Abstract

Objectives: This study aimed to determine the spectrum of diseases admitted to the neonatal unit of a Teaching Hospital in Ghana. Methods: Prospective cross-sectional descriptive study done on Mother Baby Unit (MBU), the neonatal ward, of Komfo Anokye Teaching Hospital, Kumasi. Data were collected daily between 8 hrs and 20 hrs GMT. Information was obtained from both the clinical team and the mothers of the neonates. Data obtained included age, weight, sex, place of delivery and diagnosis including congenital anomalies and syndromes. Analysis was done using Stata version 12. Ethical approval was obtained from Committee on Human Research Publication and Ethics. Informed consent was obtained for each neonate before recruitment. Results: A total of 1580 neonates were recruited during the study period, 57.03% were normal males, 42.22% were normal females while 0.76% had ambiguous genitalia.
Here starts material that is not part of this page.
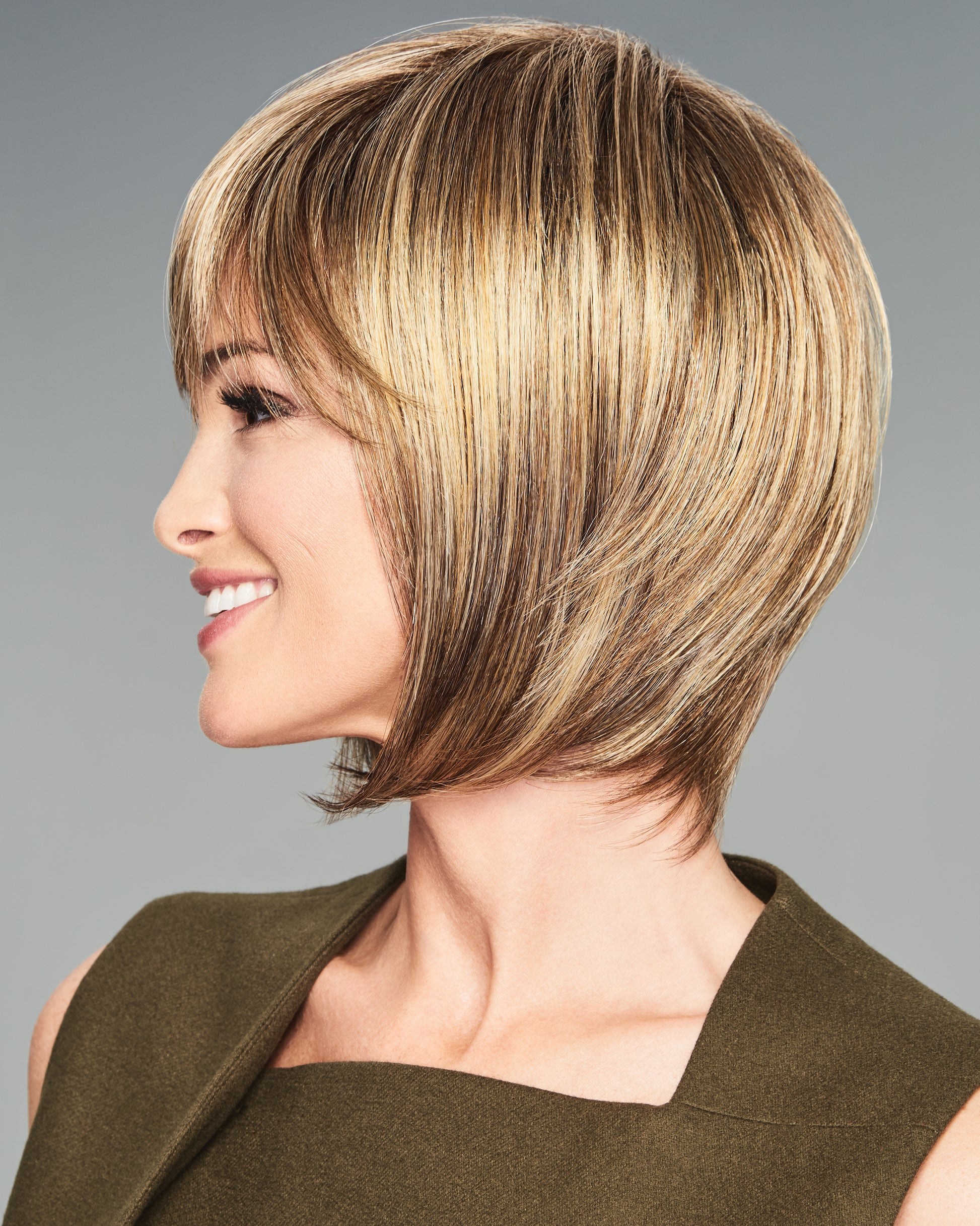 This chic sculpted shape with stacked layers at the nape and longer, disconnected face-framing layers at the sides is punctuated by a tapered fringe that is guaranteed to bring attention to the eyes.

Majority of the neonates, 64.87% were delivered at KATH labour ward, 23.96% were delivered at hospitals and clinic within Kumasi but outside KATH and 11.27% from outside Kumasi. The reasons for admission were neonatal sepsis (38.10%), birth asphyxia (27.91%), neonatal jaundice (18.86%), congenital malformations (7.09%), syndromes (1.77%) and genital anomalies (1.47%). Prematurity was the cause of admission for 31.27% of babies. Conclusion: Majority of admissions at MBU is from KATH labour ward with most of them having neonatal sepsis and birth asphyxia. Admissions due to congenital malformations including syndromes are quite significant. There is the need to improve delivery practices to prevent or reduce asphyxia.

Highlights

  • Over the past decade, there has been a decline in neonatal mortality rate

  • The reasons for admission were neonatal sepsis (38.10%), birth asphyxia (27.91%), neonatal jaundice (18.86%), congenital malformations (7.09%), syndromes (1.77%) and genital anomalies (1.47%)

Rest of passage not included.